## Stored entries

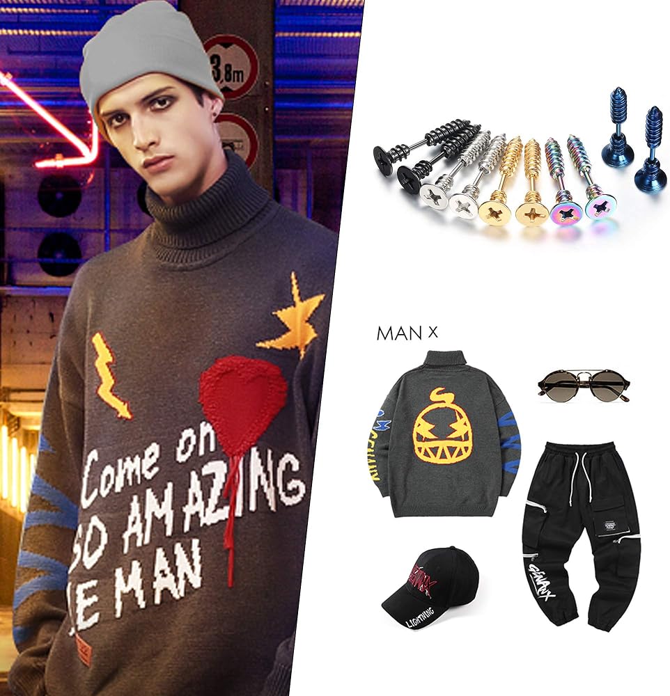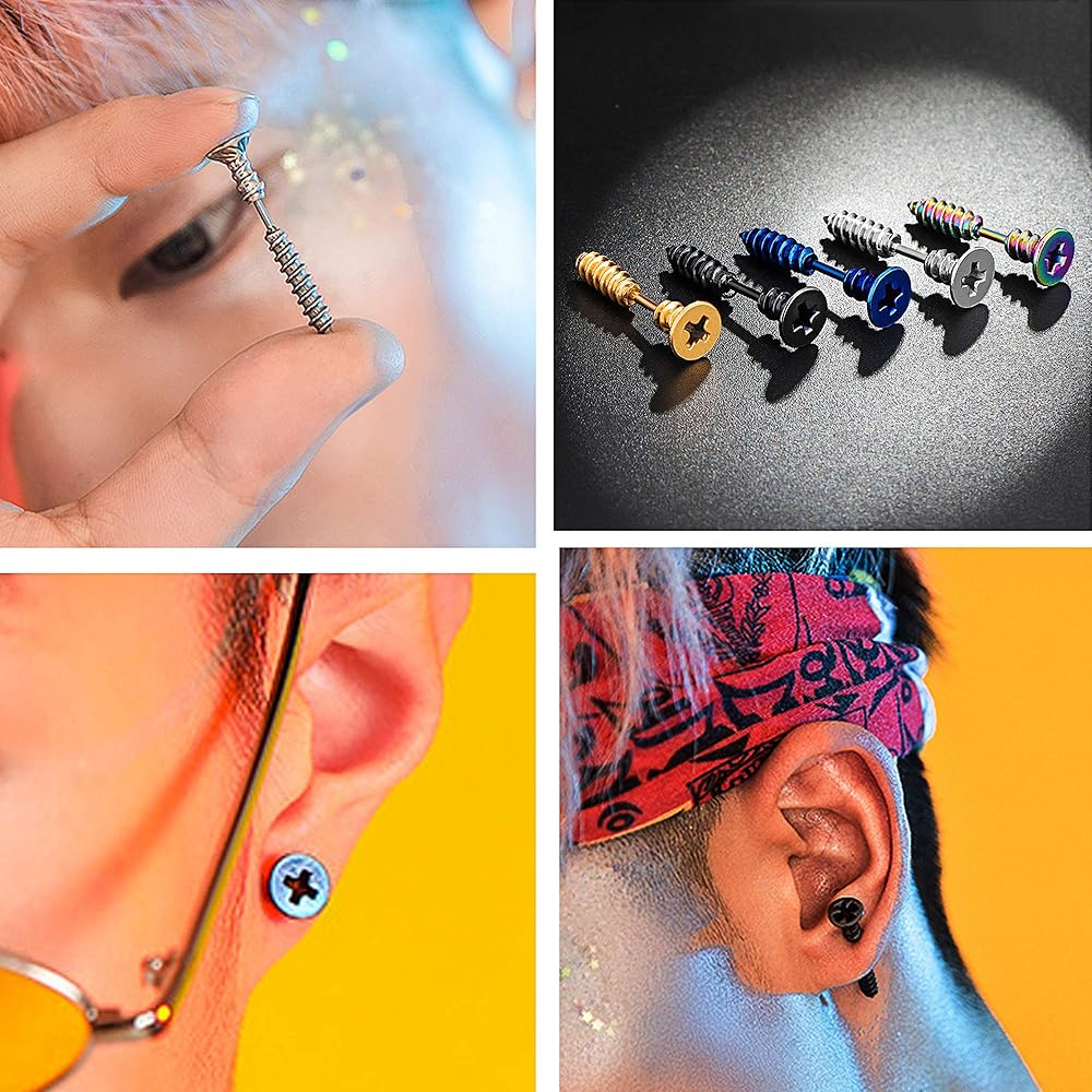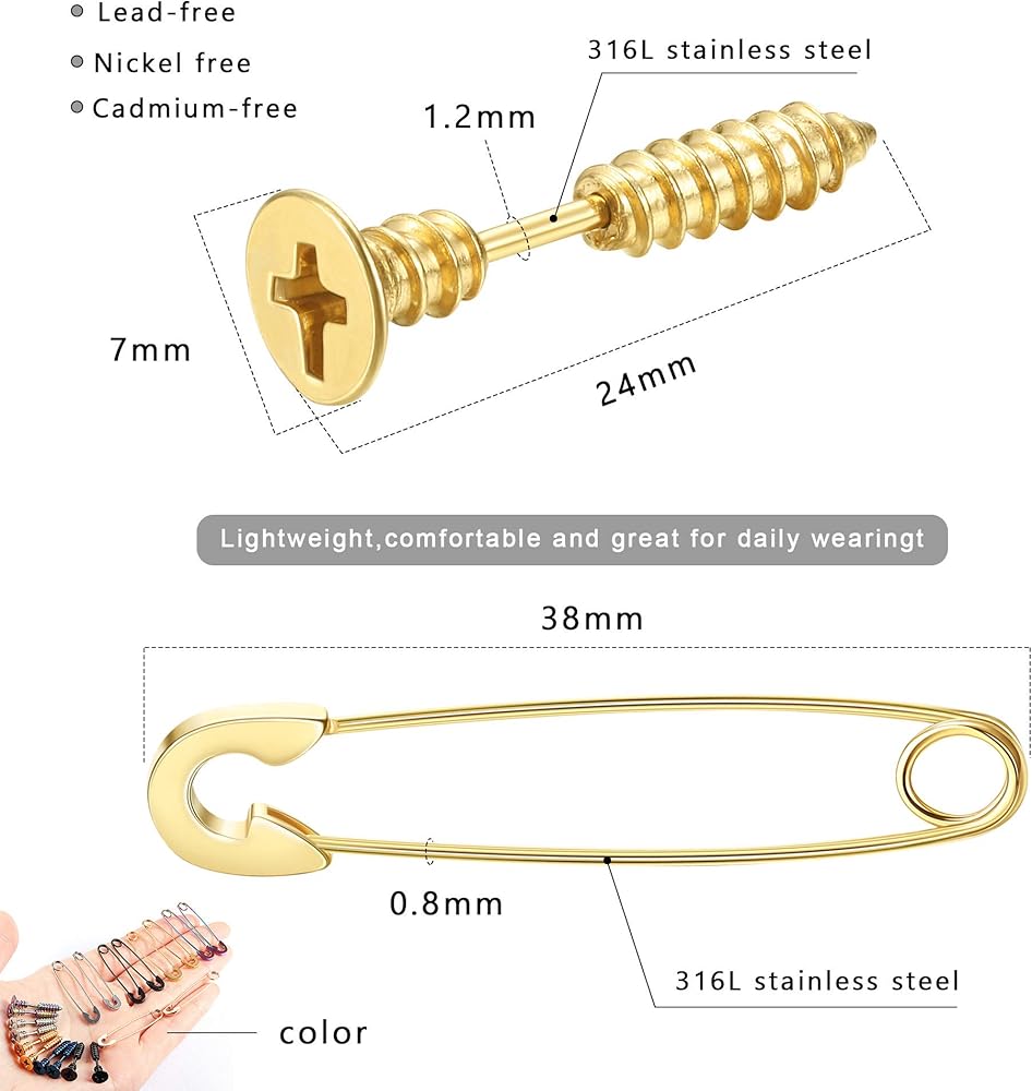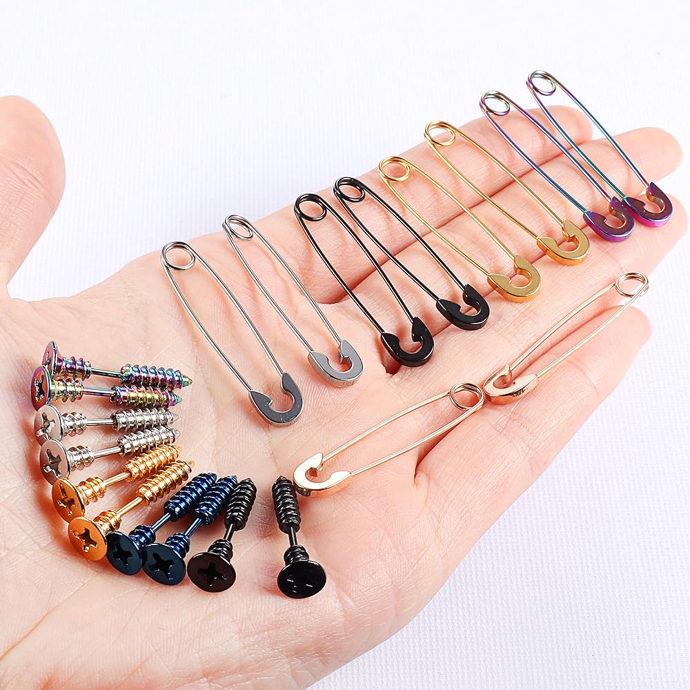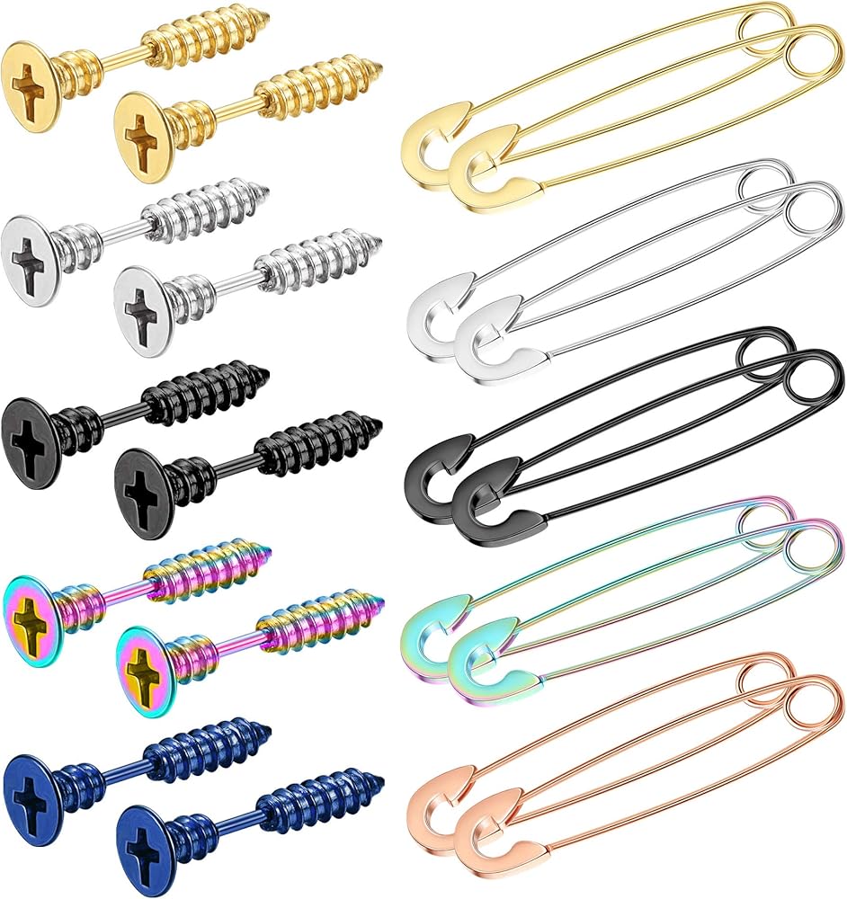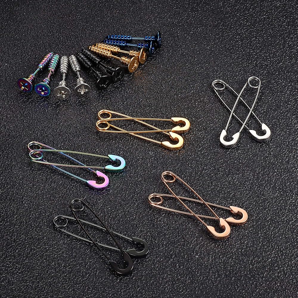 🔸مجموعة أقراط بانك 🔸 5 أزواج من الأقراط اللولبية و5 أزواج من أقراط دبابيس الأمان في مجموعة، ألوان مختلفة، أقراط أنيقة ومجوهرات أساسية للرجال والنساء من بانك روك. خفيفة الوزن ومريحة ورائعة للارتداء اليومي، لا تسبب تهيج الجلد.
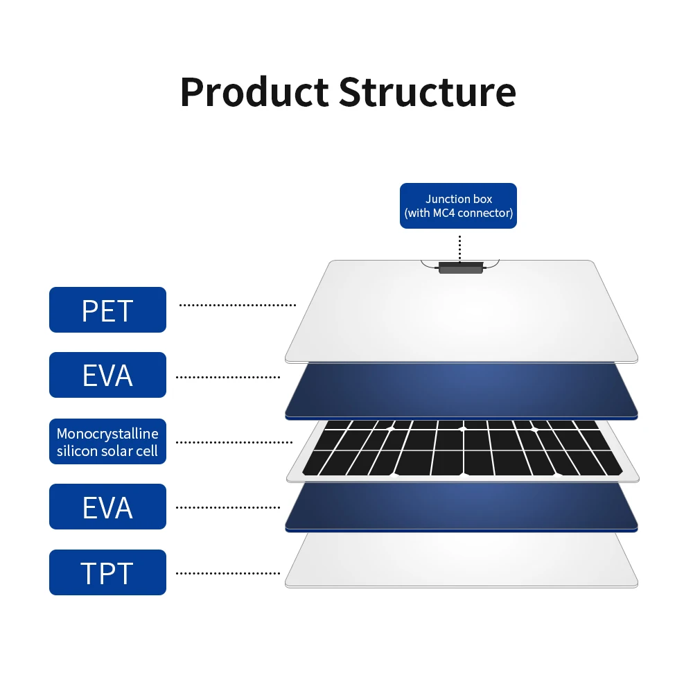Солнечная батарея: монокристаллический кремний, эффективность ячейки:> 22%Максимальная мощность: 100 ВтМаксимальное напряжение питания: 18 вМаксимальный ток: 5.55AНапряжение открытого замыкания: 22 вТок короткого замыкания: 5.95AРазмер: 1030x525x2.5мм, вес за штуку: 1,95 кгТип распределительной коробки: IP67, длина кабеля: 90 смСтандартные условия испытаний: AM1.5 100mw / cm2 25 ℃
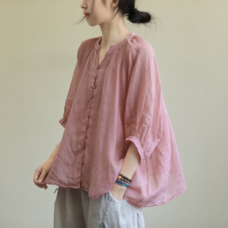 トップス レディース シャツ 上着 日系スタイル エレンガンス 無地 Vネック
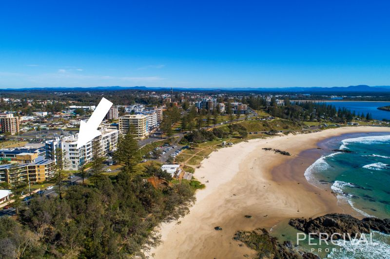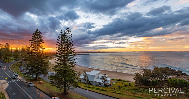 "Sandcastle" building's vantage point in Port Macquarie's vibrant township provides uninterrupted views… Overlooking the iconic breakwall, you can gaze north to Point Plomer, west to the mountains and east to the chameleon brilliance of the Pacific Ocean and watch whales at play. Drenched in natural light through floor to ceiling glass, the apartment's floor plan is as special as its view.
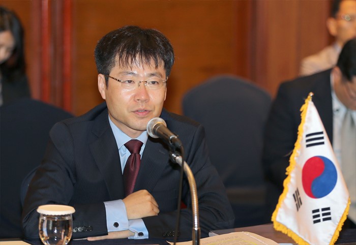 (서울=포커스뉴스) 여한구 산업통상자원부 FTA정책관(수석대표)이 27일 서울 중구 소공동 롯데호텔 에메랄드홀에서 네타 바엘(Netta Bar-El) 이스라엘 경제산업부 양자무역협정장(수석대표)을 비롯한 한-이스라엘 양국 정부대표단 50여명이 참석한 가운데 한-이스라엘 FTA(자유무역협정) 제1차 협상에서 인사말을 하고 있다. <사진제공=산업통상자원부>
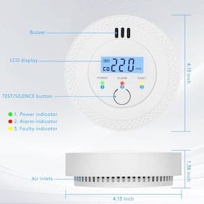 - Visor LCD: Este detector de monóxido de carbono tem um visor LCD digital que você pode ler em tempo real. Inclui densidade de CO e exibição de energia. O LCD não fica ligado o tempo todo quando estiver funcionando
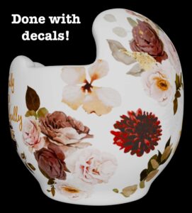 How to apply the Fall Colors Watercolor Flowers cranial band decals – watch me decorate an entire helmet. Do you have one of the new Star Band 3D’s covered in small holes? What can you do? I recommend you pick a design with medium to larger decals and just ‘paper over’ the holes that get covered.. Then mod podge as you would any other band. Yes, up close you ‘see’ it, but most of the time you (and other folks) are several feet away and your eyes fill in the missing part.
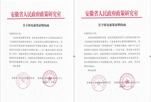 2017年,李国英省长对安徽省的代表性县(区)进行深入调研后,提出了安徽县域经济发展的“十条路径”。按照李国英省长指示要求,2017年11月,安徽省人民政府政策研究室、安徽省政府发展研究中心牵头,组织安徽大学、m88官方网站登录地址、安徽财经大学、安徽农业大学等安徽四所高等学府的十多位专家,负责安徽省县域经济发展“十条路径”的案例总结工作。省政府副秘书长叶晓明、省政府发展研究中心主任孙东海等领导全程参与指导,审慎选择案例,认真选拔撰写专家,积极组织深入细致地实地调研,多次组织案例撰写专题研讨会。
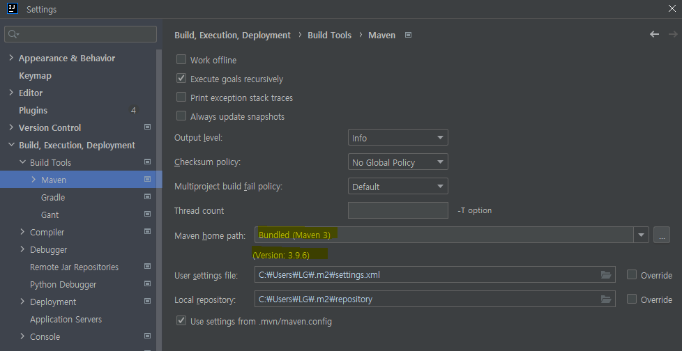 만약 build 실패 중 아래와 같은 에러가 발생한다면, Settings > Build, Execution, Deployment > Build Tools > Maven 에서 Maven home path를 Bundled (Maven 3)로 설정해주시면됩니다.

## TASK DETAILS
Return every entry above exactly as written, with no pictures included.

## EXPECTED OUTPUT
 🔸مجموعة أقراط بانك 🔸 5 أزواج من الأقراط اللولبية و5 أزواج من أقراط دبابيس الأمان في مجموعة، ألوان مختلفة، أقراط أنيقة ومجوهرات أساسية للرجال والنساء من بانك روك. خفيفة الوزن ومريحة ورائعة للارتداء اليومي، لا تسبب تهيج الجلد.
Солнечная батарея: монокристаллический кремний, эффективность ячейки:> 22%Максимальная мощность: 100 ВтМаксимальное напряжение питания: 18 вМаксимальный ток: 5.55AНапряжение открытого замыкания: 22 вТок короткого замыкания: 5.95AРазмер: 1030x525x2.5мм, вес за штуку: 1,95 кгТип распределительной коробки: IP67, длина кабеля: 90 смСтандартные условия испытаний: AM1.5 100mw / cm2 25 ℃
 トップス レディース シャツ 上着 日系スタイル エレンガンス 無地 Vネック
 "Sandcastle" building's vantage point in Port Macquarie's vibrant township provides uninterrupted views… Overlooking the iconic breakwall, you can gaze north to Point Plomer, west to the mountains and east to the chameleon brilliance of the Pacific Ocean and watch whales at play. Drenched in natural light through floor to ceiling glass, the apartment's floor plan is as special as its view.
 (서울=포커스뉴스) 여한구 산업통상자원부 FTA정책관(수석대표)이 27일 서울 중구 소공동 롯데호텔 에메랄드홀에서 네타 바엘(Netta Bar-El) 이스라엘 경제산업부 양자무역협정장(수석대표)을 비롯한 한-이스라엘 양국 정부대표단 50여명이 참석한 가운데 한-이스라엘 FTA(자유무역협정) 제1차 협상에서 인사말을 하고 있다. <사진제공=산업통상자원부>
 - Visor LCD: Este detector de monóxido de carbono tem um visor LCD digital que você pode ler em tempo real. Inclui densidade de CO e exibição de energia. O LCD não fica ligado o tempo todo quando estiver funcionando
 How to apply the Fall Colors Watercolor Flowers cranial band decals – watch me decorate an entire helmet. Do you have one of the new Star Band 3D’s covered in small holes? What can you do? I recommend you pick a design with medium to larger decals and just ‘paper over’ the holes that get covered.. Then mod podge as you would any other band. Yes, up close you ‘see’ it, but most of the time you (and other folks) are several feet away and your eyes fill in the missing part.
 2017年,李国英省长对安徽省的代表性县(区)进行深入调研后,提出了安徽县域经济发展的“十条路径”。按照李国英省长指示要求,2017年11月,安徽省人民政府政策研究室、安徽省政府发展研究中心牵头,组织安徽大学、m88官方网站登录地址、安徽财经大学、安徽农业大学等安徽四所高等学府的十多位专家,负责安徽省县域经济发展“十条路径”的案例总结工作。省政府副秘书长叶晓明、省政府发展研究中心主任孙东海等领导全程参与指导,审慎选择案例,认真选拔撰写专家,积极组织深入细致地实地调研,多次组织案例撰写专题研讨会。
 만약 build 실패 중 아래와 같은 에러가 발생한다면, Settings > Build, Execution, Deployment > Build Tools > Maven 에서 Maven home path를 Bundled (Maven 3)로 설정해주시면됩니다.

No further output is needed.